EXERCISE AIM >> With pictures left out, output exactly the lines of the listing below from the line that has "在浏览器中访问 http:/" to the line that has "Para un paseo", both lines kept.

--- START ---

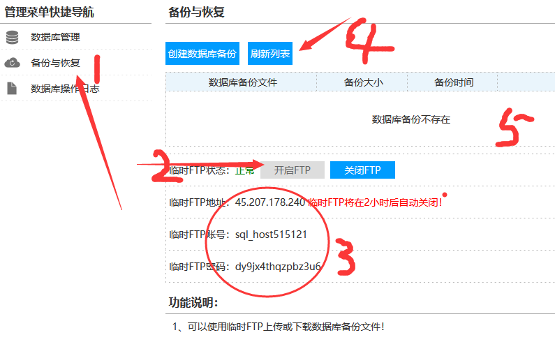 此方法说明:找到数据库面板,按上图1-4步,一看就明白; 点第1步后,一定要开启FTP(即创建数据库临时FTP,而不是用站点程序的FTP),然后上传mysql备份文件到此临时FTP; 再点上面的刷新列表(即可看到刚上传的备份文件 ),点5处的,还原数据库; 提醒:1、当程序运行一段时间,要备份下载数据库,也是在此处; 2、如上导入后可点:高级管理 看是否生成表?如生成则导入成功。 二、phpmyadmin 在线导入: 如图 [进入数据库高级管理],导入数据库后变生成表文件
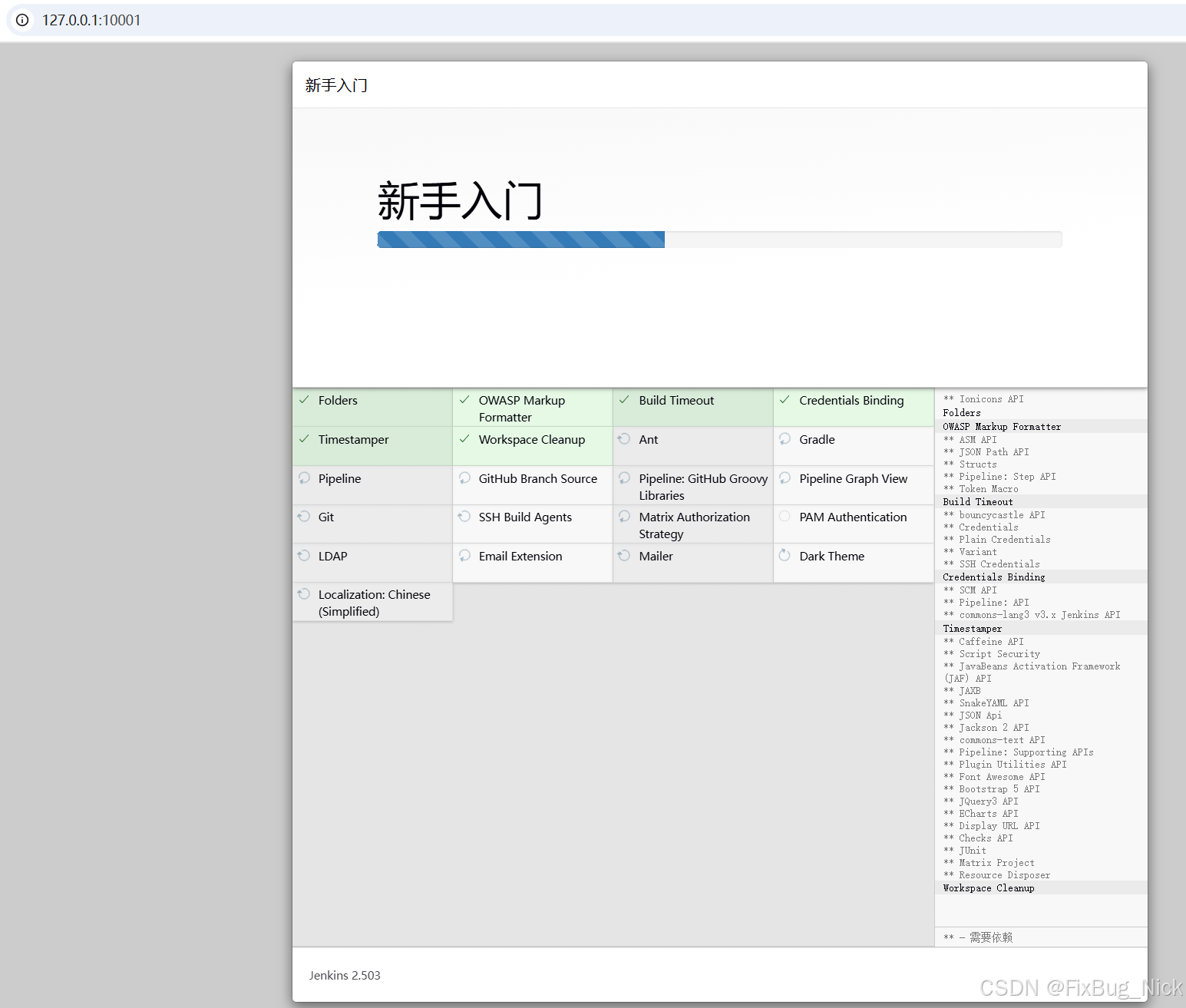 在浏览器中访问 http://localhost:10001(或者你的Docker宿主机的IP地址和端口),你应该能看到Jenkins的初始设置页面。按照指示完成安装向导。
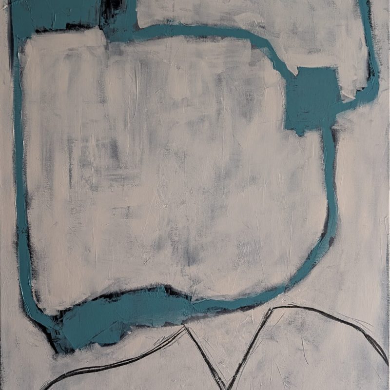 It’s intriguing mark making combined with its restful and calm palette of white, beige and beautiful light and dark blues, pale green and teal mixed with apricot orange and neutral tones along with subtle grey line work.
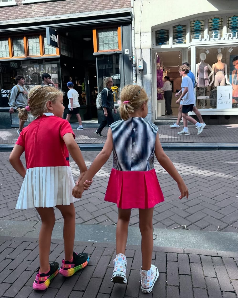 Para un paseo por la ciudad, las gemelas lucieron vestidos clásicos de niñas, de corte a la cadera con faldas plisadas. Las hijas de Pelin los hicieron más urbanos con la elección del calzado, tenis coloridos y botines de tela con dibujos de colores, los mismos que usaron con sus enteritos.
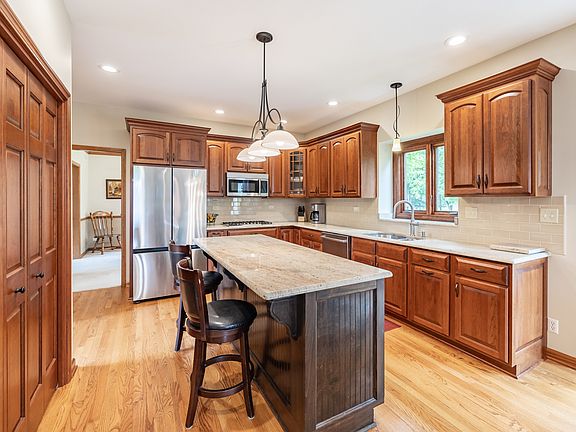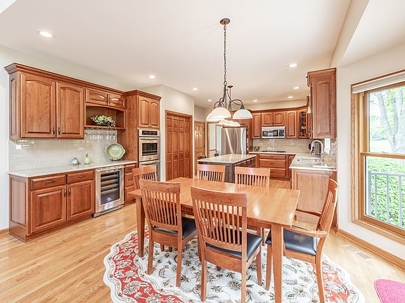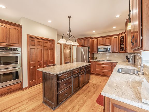 WOW! This is the private location you have been looking for - 3000 sq ft home on a cul-de-sac in the sought after Arbor Creek Subdivision located close to downtown St Charles. The pride of ownership is on display as you walk through the door of this impeccably maintained home. It starts with a gourmet kitchen featuring Amish cherry cabinets, granite countertops, new appliances, including a double oven, wine fridge and under cabinet lighting. Hardwood floors in the entry, kitchen and family room which also boasts a floor to ceiling masonry fireplace w/ gas logs. 5 bedrooms and 3 full baths provide plenty of room for a family. Basement includes a game room, family room, extra bedroom/office & plenty of storage. Sit on your 31' by 15' newer Trex deck ('21) and enjoy the peace and tranquility of a beautiful sunset. Home has a newer roof and siding ('22), top of the line Marvin patio door and many windows ('21) New A.C. ('20) Remote control thermostat, Crown molding & ceiling fans throughout the home. DON'T miss this one!
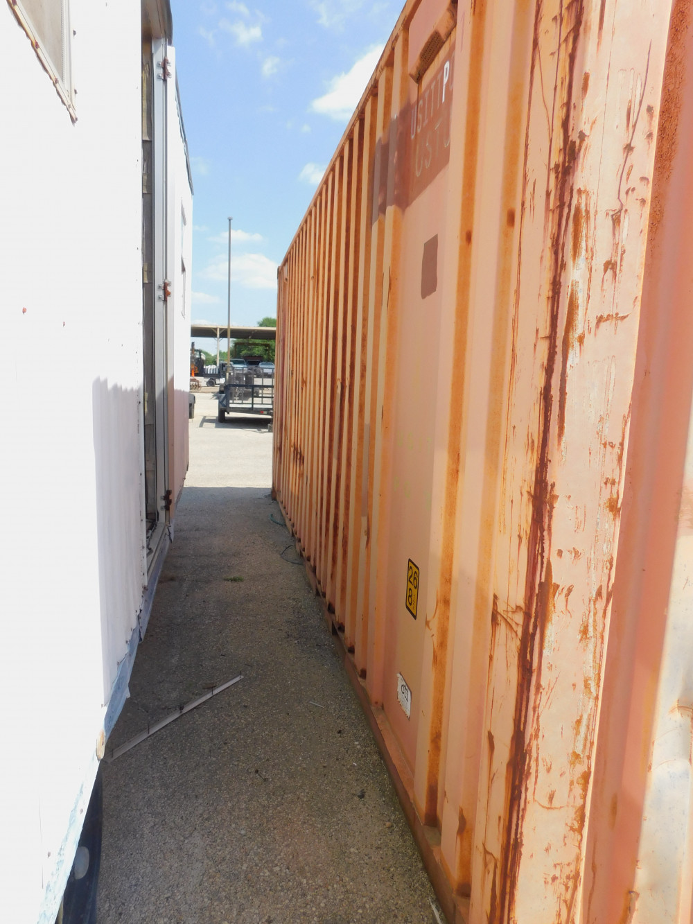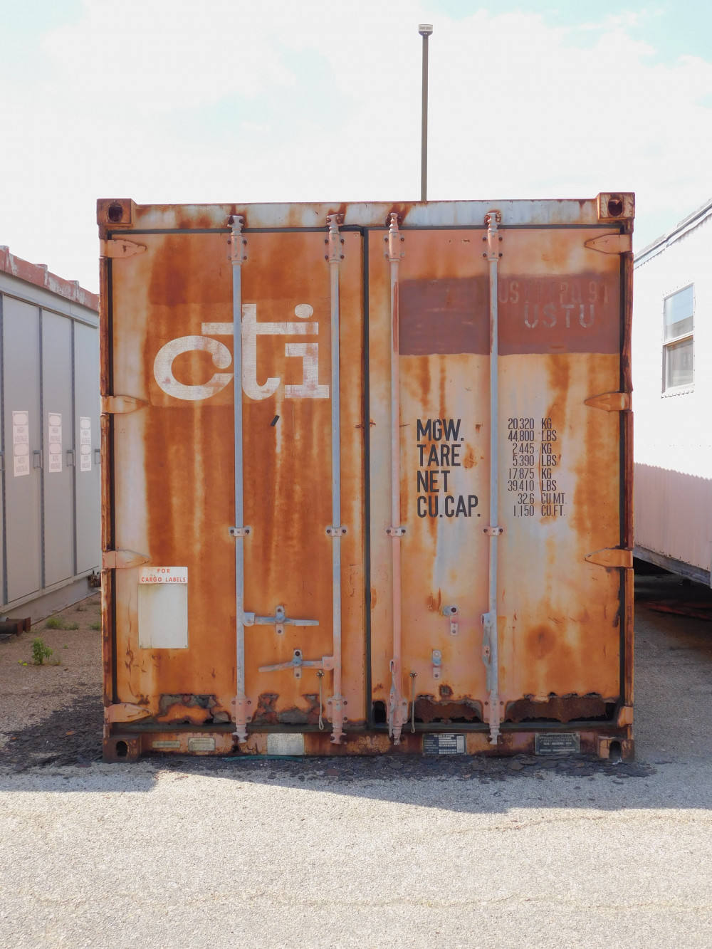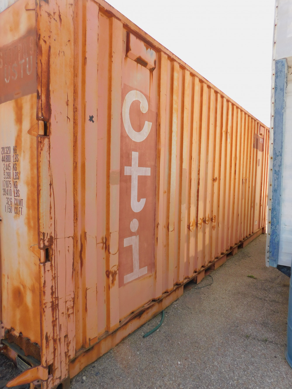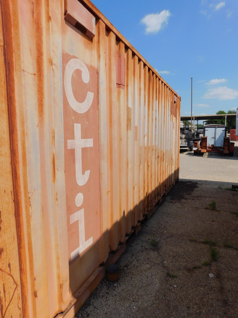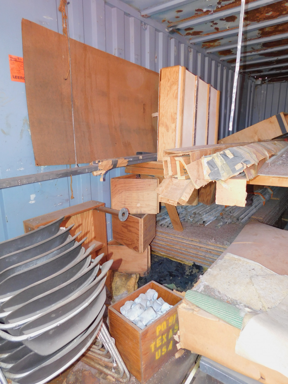 Shipping Container, 8ft by 20ft. Heavy rust, interior load floor damaged, water leaks, contents included such as loading ramps.

--- END ---

RESPONSE TO THIS TASK >>
 在浏览器中访问 http://localhost:10001(或者你的Docker宿主机的IP地址和端口),你应该能看到Jenkins的初始设置页面。按照指示完成安装向导。
 It’s intriguing mark making combined with its restful and calm palette of white, beige and beautiful light and dark blues, pale green and teal mixed with apricot orange and neutral tones along with subtle grey line work.
 Para un paseo por la ciudad, las gemelas lucieron vestidos clásicos de niñas, de corte a la cadera con faldas plisadas. Las hijas de Pelin los hicieron más urbanos con la elección del calzado, tenis coloridos y botines de tela con dibujos de colores, los mismos que usaron con sus enteritos.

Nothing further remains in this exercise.